* _EXERCISE DESCRIPTION_
Copy the material below verbatim from the line with "DL903DAB.KITFOTRA MACROM - Monitor" to the line with "On the left", both lines included, omitting pictures and every line outside that range.
### RECORDS FOR THE EXERCISE
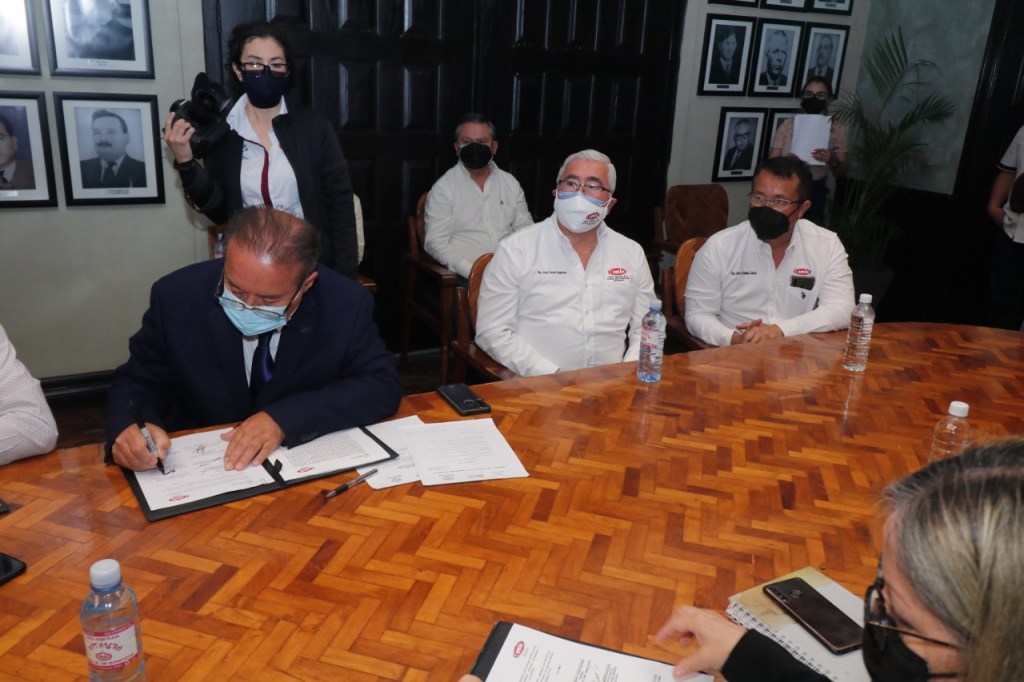 Durante una reunión encabezada por el Presidente Municipal y por la Presidenta del DIF, se ratificó el convenio de colaboración con la Cámara Mexicana de la Industria de la Construcción, delegación Matamoros, para seguir trabajando coordinadamente en acciones sociales que beneficien a las familias más vulnerables.
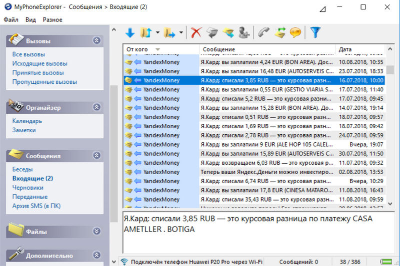 Все SMS. Программа умеет сохранять в своем архиве те SMS, которые вы удалили с телефона.
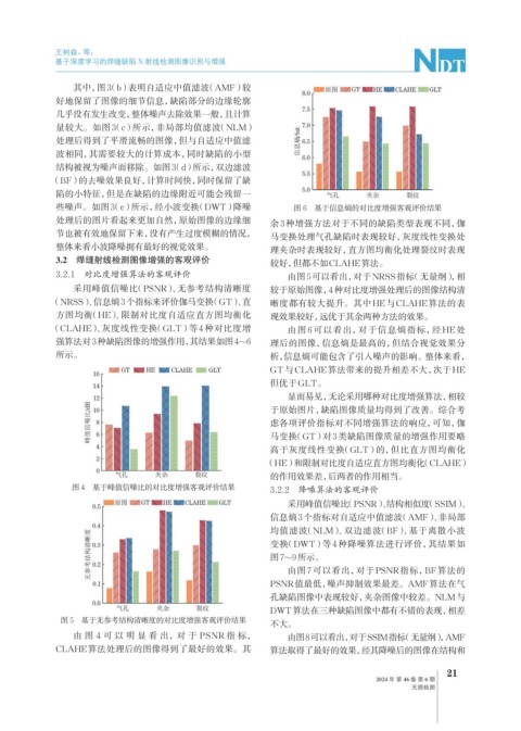 (NRSS)、信息熵3个指标来评价伽马变换 (GT)、直 晰度都有较大提升。其中HE与CLAHE算法的表
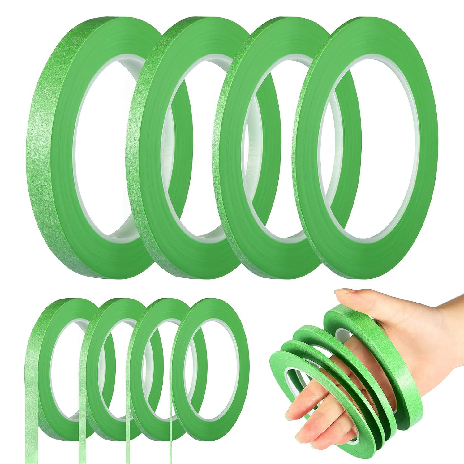 как выглядит 4 Rolls Pinstripe Tape, Masking Tape in 1/16, 1/8, 1/4 and 1/2 Inch Wide, for Pa фото
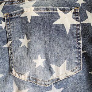 Ashley Stewart Distressed Star Print Denim Capris
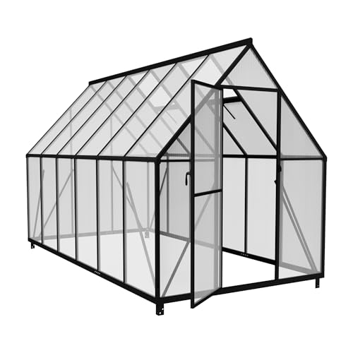 PEILU Gewächshaus Aluminium Treibhaus mit Transparent PC Platten Dachfenster & Tür & Fundament 340x180x195cm Winterfest Gartengewächshäuser Begehbares Pflanzenhaus für Garten Outdoor
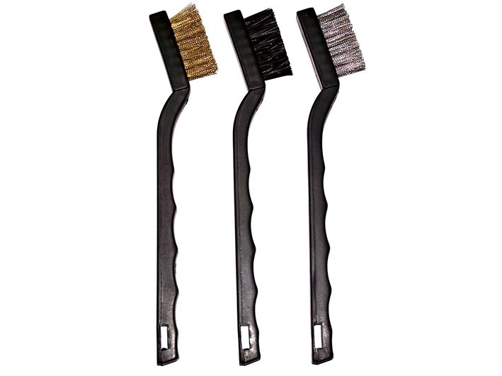 Zestaw trzech szczotek firmy Condor z włosiem: stalowym, mosiężnym i nylonowym. Szczotka stalowa: do usuwanie rdzy, powłok lakierniczych. Szczotka mosiężna: do delikatnej i równomiernej obróbki, wykańczająca powierzchnię z mosiądzu, miedzi i innych materiałów nieżelaznych, usuwanie lakierów, rdzy, czyszczenie lutów. Szczotka pracuje beziskrowo. Szczotka nylonowa: duża elastyczność włosia umożliwia pracę w trudno dostępnych miejscach, stosowana głównie do czyszczenia, matowania i satynowania obrabianych powierzchni.
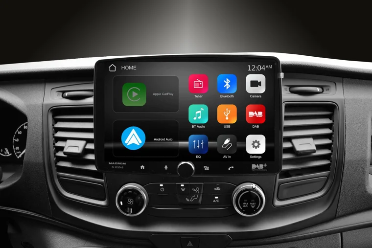 DL903DAB.KITFOTRA MACROM - Monitor DL903DAB 9" kapazitiv ASPORTABILE, 1DIN Gehäuse + KIT03FOTRA: Halterungen, Plug & Play Verkabelung und CAN-BUS Lenkradsteuerungs-Schnittstelle, kompatibel mit Ford Transit ab 2019.
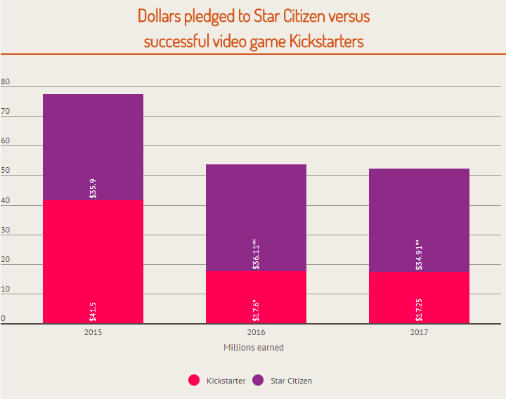 Star Citizen a reçu plus d’argent de ses backers en 2017 que tous les jeux financés par Kickstarter la même année.
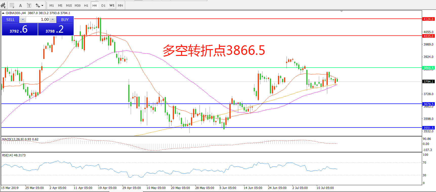 沪深300指数CHINA300 4小时图
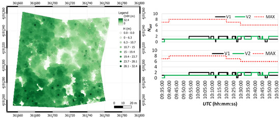 On the left panel: a pseudo-coloured canopy height model with over-imposed trees’ heights represented with the same white-green palette. On the right panel, the number of GLONASS and GPS satellites, V1 and V2, are represented with black lines and green lines, respectively. The maximum number of satellites is represented by a dashed red line. Adapted from [121].
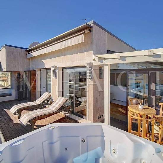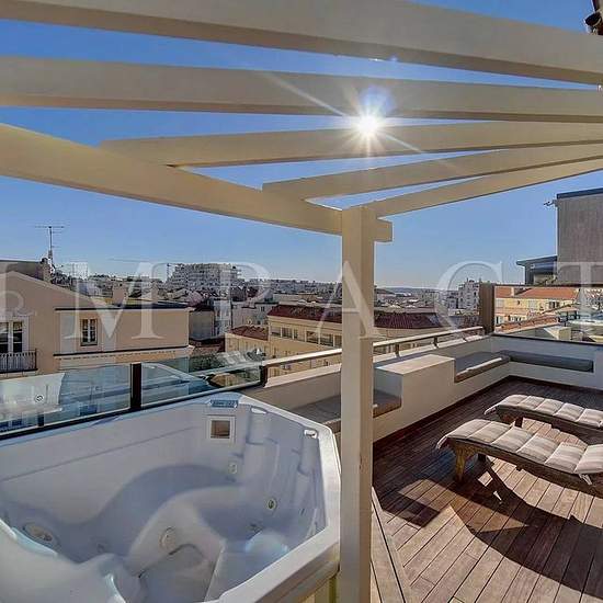 Gray d’Albion, appartement moderne de 80m2, terrasse 20 m² avec jacuzzi et vue sur la ville de Cannes. Descriptif : Hall d'entrée, toilettes invités Salon/salle à manger équipé pour 4 personnes avec canapé et télévision Cuisine ouverte sur le salon entièrement équipée : plaque induction, lave-vaisselle, micro-ondes, four, réfrigérateur/congélateur, machine Nespresso. Chambre maître: Lit double 160cm x 190cm, placard et télévision. Salle de douche en suite avec douche, toilette et double vasque. Terrasse avec vue dégagée sur la ville et jacuz...
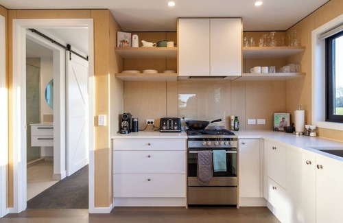 The living area features a comfortable sofa, ideal for relaxing while admiring the stunning outdoor views. For entertainment, there’s a 43-inch smart TV and fast, reliable WiFi, ensuring you can stay connected and stream your favorite shows. In winter you can also snuggle up in front of the wood fire and utilise the supplied board games and books.
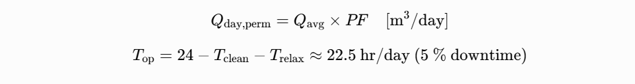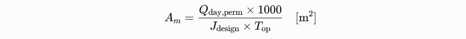 | Design Flux (Net) | $J_{\text{design}}$ | LMH | 15–22 (municipal) 8–18 (industrial) | Lower $J$ = lower fouling |
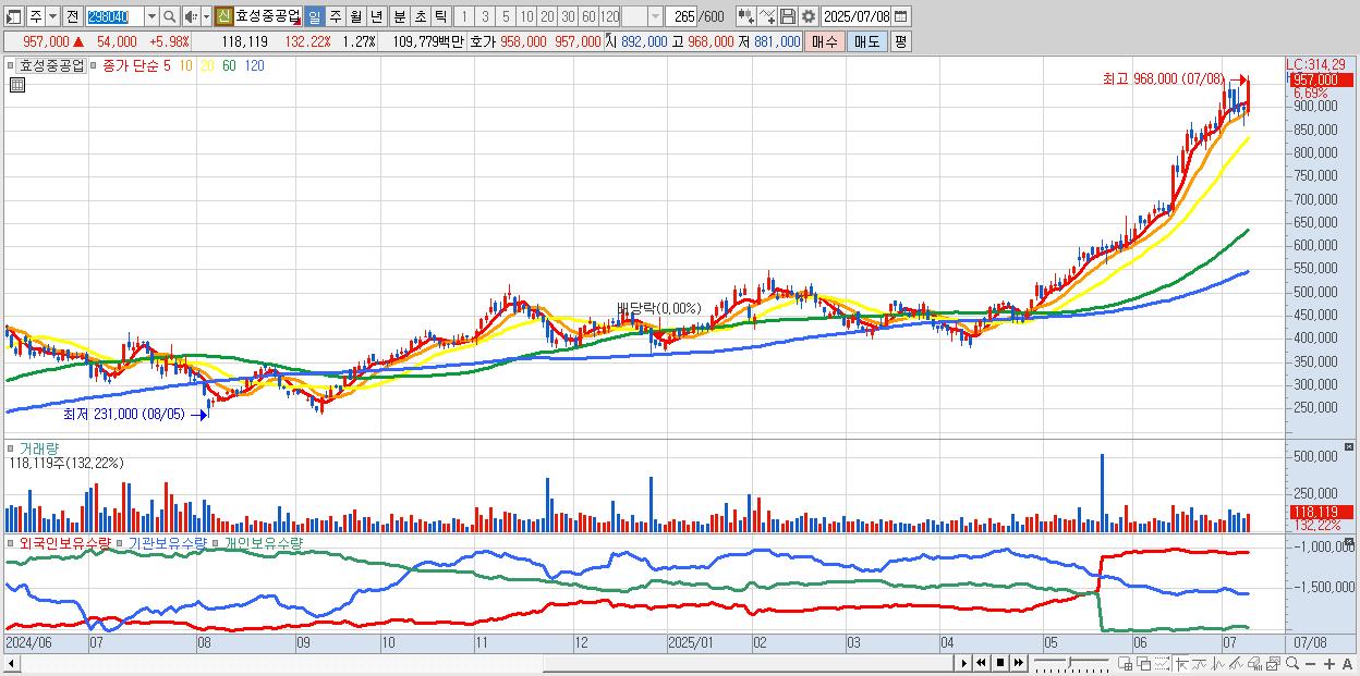 - 효성중공업 (960,000원 ▲ 6.31% , 시총: 89,516억, 거래량: 88,836, 거래대금:826억, KOSPI)
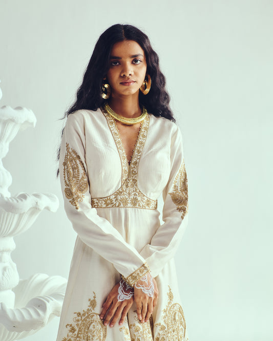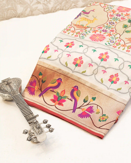 Off-White Handwoven Paithani Saree with Shikarga Motifs
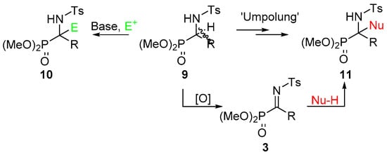Next, in view of the efficient protocol achieved for the aza-Reformatsky reaction, we focused our efforts on the extension of the reaction to the use of several α-ketiminophosphonate substrates 3. In this regard, we considered the synthesis of α-iminophosphonate substrates 3 from a formal oxidation of tertiary aminophosphonates 9. Then, the subsequent addition of a nucleophile species would afford tetrasubstituted aminophosphonates 11. Therefore, this synthetic approach can be considered globally as a route for the generation of tetrasubstituted α-aminophosphonates by the substitution of hydrogen in a trisubstituted α-aminophosphonate by a nucleophilic reagent and the complementary process (‘umpolung reaction’) to the typical electrophilic substitution of trisubstituted α-amino-phosphonates 9 leading to functionalized α-aminophosphonates 10 (Scheme 3).
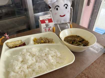 今日の給食は、マーボーなす、ツナと野菜のいためもの、焼きさつまいもの甘みつかけです。
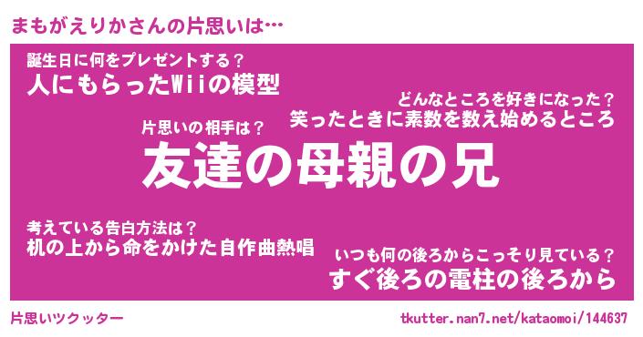 | 胡散臭い通販商品みたいなあだ名 | 『億万長者になれるブレスレット…その名も「まもがえりか」』 |
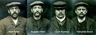 De vier bendeleden werden op 26 juni ter dood veroordeeld, ook al stond men in Frankrijk destijds op het punt de doodstraf af te schaffen. Op 11 januari 1909 werden de bendeleden per guillotine geëxecuteerd. Meer dan zesduizend mensen woonden de terechtstelling bij. Volgens een krantenartikel uit die tijd werd de orde tijdens de executie gehandhaafd door 90 gendarmes te voet, 40 gendarmes te paard en nog eens 200 cavaleristen van het leger.
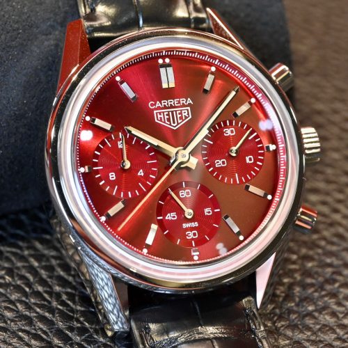 For the background on how Heuer has used the color red to capture the passion of racing, see my posting today on The Edge, TAG Heuer’s online magazine — The Carrera Goes Full Red. For additional information about the Carrera Red Dial LE chronograph, see TAGHeuer.com.
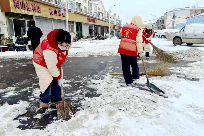 针对乡镇道路分散、坡度较大、结冰情况突出的实际问题,凤阳创新采用“机械除雪+人工清扫”相结合的作业模式,精准推进除雪工作。大型除雪设备在乡村主干道开展集中作业,快速清除大面积积雪;志愿者队伍紧随其后,对道路边角、背阴路段等机械作业盲区进行了细致清扫,并及时清运两侧积雪,从源头杜绝二次结冰隐患。同时,志愿者们格外关注偏远村组的独居老人、困难群众等特殊群体,主动上门清扫院落及门前道路,全力保障特殊群体出行安全,用贴心服务筑牢民生保障防线。
######
* _FINISHED TASK_
 DL903DAB.KITFOTRA MACROM - Monitor DL903DAB 9" kapazitiv ASPORTABILE, 1DIN Gehäuse + KIT03FOTRA: Halterungen, Plug & Play Verkabelung und CAN-BUS Lenkradsteuerungs-Schnittstelle, kompatibel mit Ford Transit ab 2019.
 Star Citizen a reçu plus d’argent de ses backers en 2017 que tous les jeux financés par Kickstarter la même année.
 沪深300指数CHINA300 4小时图
 On the left panel: a pseudo-coloured canopy height model with over-imposed trees’ heights represented with the same white-green palette. On the right panel, the number of GLONASS and GPS satellites, V1 and V2, are represented with black lines and green lines, respectively. The maximum number of satellites is represented by a dashed red line. Adapted from [121].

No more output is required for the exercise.